June 3 (UPI) — Officials with the Metropolitan Transportation Authority of New York City revealed that a hacker group suspected to be tied to the Chinese government infiltrated North America’s largest transportation system.
The MTA said Wednesday that the breach occurred in April, affecting three of its 18 systems though no operations were impacted and no employee or customer information was leaked.
“The MTA’s existing multi-layered security systems worked as designed, preventing spread of the attack and we continue to strengthen these comprehensive systems and remain vigilant as cyberattacks are a growing global threat,” MTA Chief Technology Officer Rafail Portnoy said in a statement.
The attack was first reported on by The New York Times, which saw a document that outlined the extent of the breach, stating it had done little to no damage though some 3,700 employees and contractors were required to change their passwords for security reasons.
The Times reported the hackers used the vulnerabilities in the Pulse Connect Secure system to infiltrate the MTA.
At around the time of the attack, it was revealed that Chinese state-sponsored hackers had infiltrated U.S. and European government organizations as well as defense and technology companies through vulnerabilities in the Pulse Secure system that provides remote access to networks.
The Cybersecurity and Infrastructure Security Agency announced it was aware of hackers exploiting vulnerabilities in Ivanti Pulse Connect Secure system in an effort to compromise “U.S. government agencies, critical infrastructure entities and private sector organizations.” It also offered guidance on how to fix the issues of concern.
Cybersecurity firm FireEye, who owns Mandiant, which MTA brought on to deal with its attack, said in April it was tracking the infiltrations, and suspected them to have been conducted “on behalf of the Chinese government.”

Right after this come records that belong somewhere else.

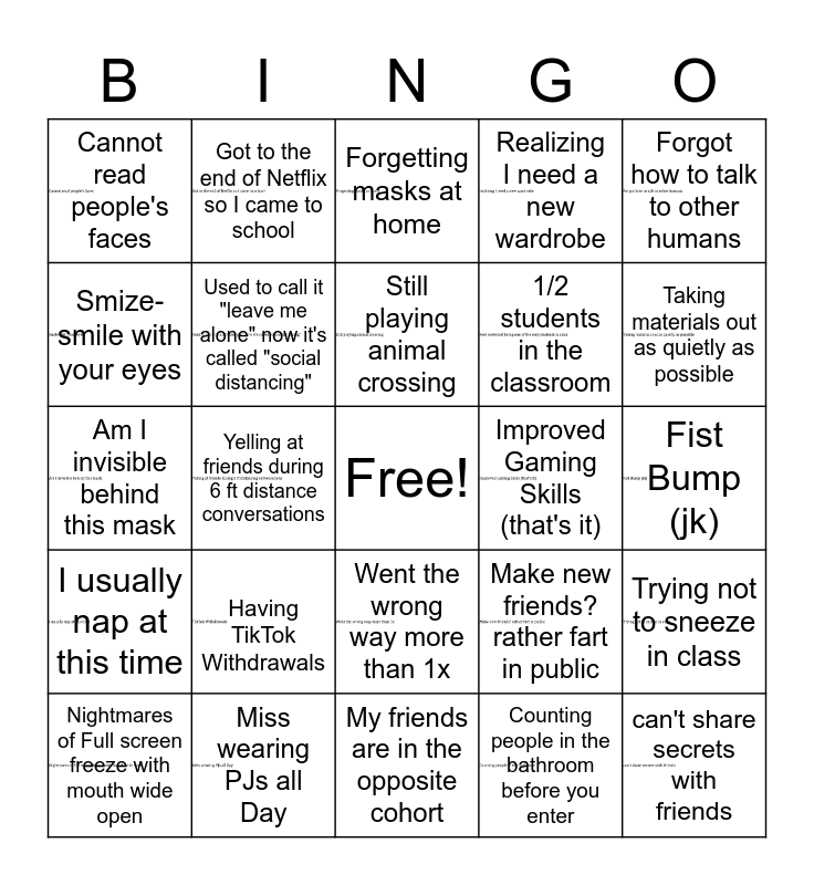 This bingo card has 23 images, a free space and 24 words: Having TikTok Withdrawals, Miss wearing PJs all Day, Still playing animal crossing, Nightmares of Full screen freeze with mouth wide open, Forgot how to talk to other humans, Cannot read people's faces, Smize-smile with your eyes, Got to the end of Netflix so I came to school, Improved Gaming Skills (that's it), Went the wrong way more than 1x, 1/2 students in the classroom, Am I invisible behind this mask, Make new friends? rather fart in public, Trying not to sneeze in class, Used to call it "leave me alone" now it's called "social distancing", Counting people in the bathroom before you enter, Fist Bump (jk), Forgetting masks at home, Taking materials out as quietly as possible, Yelling at friends during 6 ft distance conversations, can't share secrets with friends, I usually nap at this time, Realizing I need a new wardrobe and My friends are in the opposite cohort.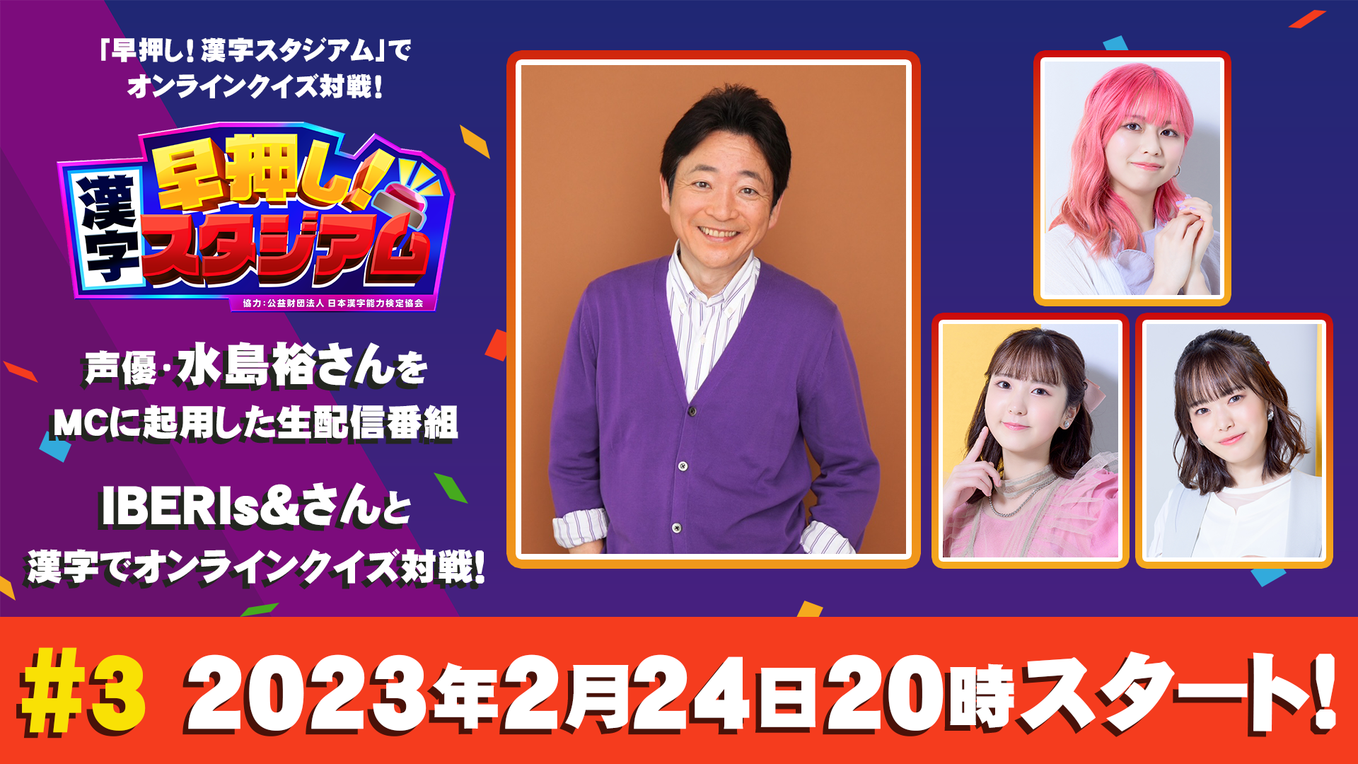 イマジニア株式会社(東京都新宿区、代表取締役社長 兼 CEO 澄岡和憲、以下「当社」)は、配信中の Nintendo Switch™ダウンロード専用ソフト「早押し!漢字スタジアム」(以下「本作」)につきまして、声優の水島裕さんをMCに起用した生配信番組を配信中です。本日第三回の配信を行いますので、お知らせします。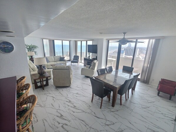 Highly recommend this property! The wraparound balcony was our favorite thing about this condo. We had the most amazing views of both the ocean side as well as Daytona. The unit is very spacious including 2 good size bedrooms with a shared bath and then a gracious master suite with private balcony access. Can’t say enough good things about this property including a very positive experience with the property manager. Definitely plan to return!!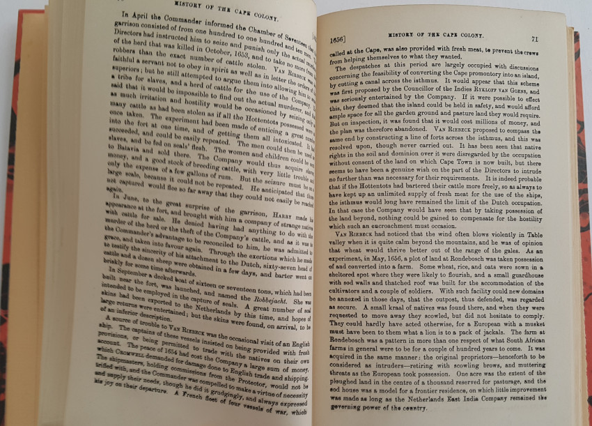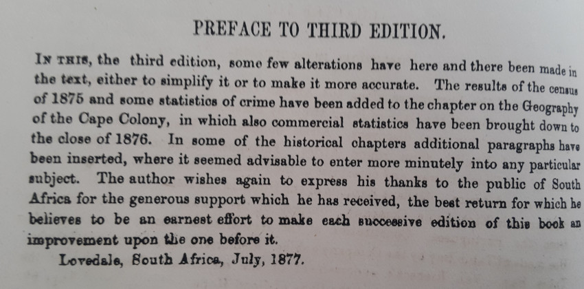 The demand for this book was very strong in 1877. The first publishing in two parts, five batch bindings and an issue were produced in one year! Theal contemplated publishing the third edition in parts of about eighty pages each and requested the Colonial Secretary to solicit the Governor's sanction, in terms of Section 2 of Act 9 of 1874, for these parts to be conveyed in the post at one penny each. He eventually abandoned the idea. (1)

The revelation comes amid a surge in cyberattacks targeting both the private and public sector in the United States.
Last month, Russian hackers were blamed for halting the U.S. operations at Colonial Pipeline and most recently at JBS in two separate ransomware attacks, the former being attributed to hacker group DarkSide and the latter to REvil, which also goes by the name Sodinokibi.
Late last month, Russia-linked hackers blamed for the SolarWinds attack in December targeted some 150 government agencies, think tanks and non-governmental organizations through a spear-phishing campaign where they sent their targets emails that appeared to come from the U.S. Agency for International Development.
On Wednesday, a ransomware attack disrupted the ticket buying for a ferry service to Martha’s Vineyard and Nantucket, Mass.
As these attacks continue, cybersecurity has become a growing issue for the Biden administration during its first few months in office, prompting President Joe Biden May 12 to sign an elaborate executive order to strengthen the nation’s cybersecurity while late that month, Secretary of Homeland Security Alejandro Mayorkas offered a proposed budget for the next fiscal year that included an additional $2.1 billion to beef up virtual defenses.